Been regularly breaking spokes on the rear wheel of my 2014 Cannondale Synapse 105 disc. Been to the LBS multiple times, get the spoke replaced, and another breaks in its place. Doing some internet searches shows this is a problem that others have experienced. Wasn't that thrilled with 28 spokes and weighing 230 lbs anyways (yes I'm currently losing weight), so went with a new rear wheel and hope this works better...

Went with a 32 hole Pacenti SL25 rim with White Industries CX11 hub... Swapped parts this morning, adjusted various things, and went for my first ride. Seems very solid, especially when out of the saddle and going up hills.


----------



## robt57 (Jul 23, 2011)

Disc Roubaix. I pulled the original wheel off sitting in the garage. 28/32 spoke but the front is radial on the non disc side. That shorts out my brain frankly.  No matter, I don't use them anyway.

I am 210-15ish lbs

Main set is SL25 Pacenti 32/32 on XTR hubs. I got fancy [build my own] and used Sapim Race for the drive side rear trailing and disc side F&R leading with brass nips. The rest of the spoke are ALUM nips and lasers for the 'less stressed' spokes. 

Second set, CX75 28/28 hole CL25 Pacenti. Just built these. All Sapim Race and ALUM nips 2 cross all sides. I did not like the feel at all of the front under braking and tore it down to replace 3x disc side front, a lot better.

My main point is the 3x 32 spoke even with light laser spokes in as specified are a lot more solid feeling wheel. I will give the CX75/CL25s a better chance, only tested so far before and after the 2x to 3x change on the front disc side. My sense is these are for a 165 lb or less rider [arbitrary #] lighter than me anyway. I suspect I may 'wind up' [Ahem] re-lacing the drive side rear also 3x... maybe...

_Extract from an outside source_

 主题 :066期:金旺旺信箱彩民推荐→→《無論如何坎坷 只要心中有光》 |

If someone buys my SL4 Disc Roubaix with them I will just move on.. It was kind of a curiosity/experiment...


----------



## Lombard (May 8, 2014)

Unfortunately, Cannondale's Synapse alloy series comes with the budget Maddux rims. It's not just Cannondale, just about all bike brands use cheaper components on their alloy bikes than on their carbon bikes.

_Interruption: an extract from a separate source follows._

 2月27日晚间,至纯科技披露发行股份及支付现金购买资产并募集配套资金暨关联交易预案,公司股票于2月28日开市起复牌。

True, 230 lbs. is stressful on road rims. However, I have seen guys heavier than you run Shimano 20/24 spoke count road wheels with no problems. Maybe not a good idea, but it's done.


----------



## tednugent (Apr 26, 2010)

Lombard said:


> Unfortunately, Cannondale's Synapse alloy series comes with the budget Maddux rims. It's not just Cannondale, just about all bike brands use cheaper components on their alloy bikes than on their carbon bikes.
> 
> True, 230 lbs. is stressful on road rims. However, I have seen guys heavier than you run *Shimano 20/24 spoke count road wheels with no problems*. Maybe not a good idea, but it's done.


The solid rim bed gives a lot of strength to the rim, which allows them to get away with smaller spoke count wheels (as well as the Mavic kysrium elite and higher).... but it also means it has the RBR not-approved proprietary spokes/nipples


----------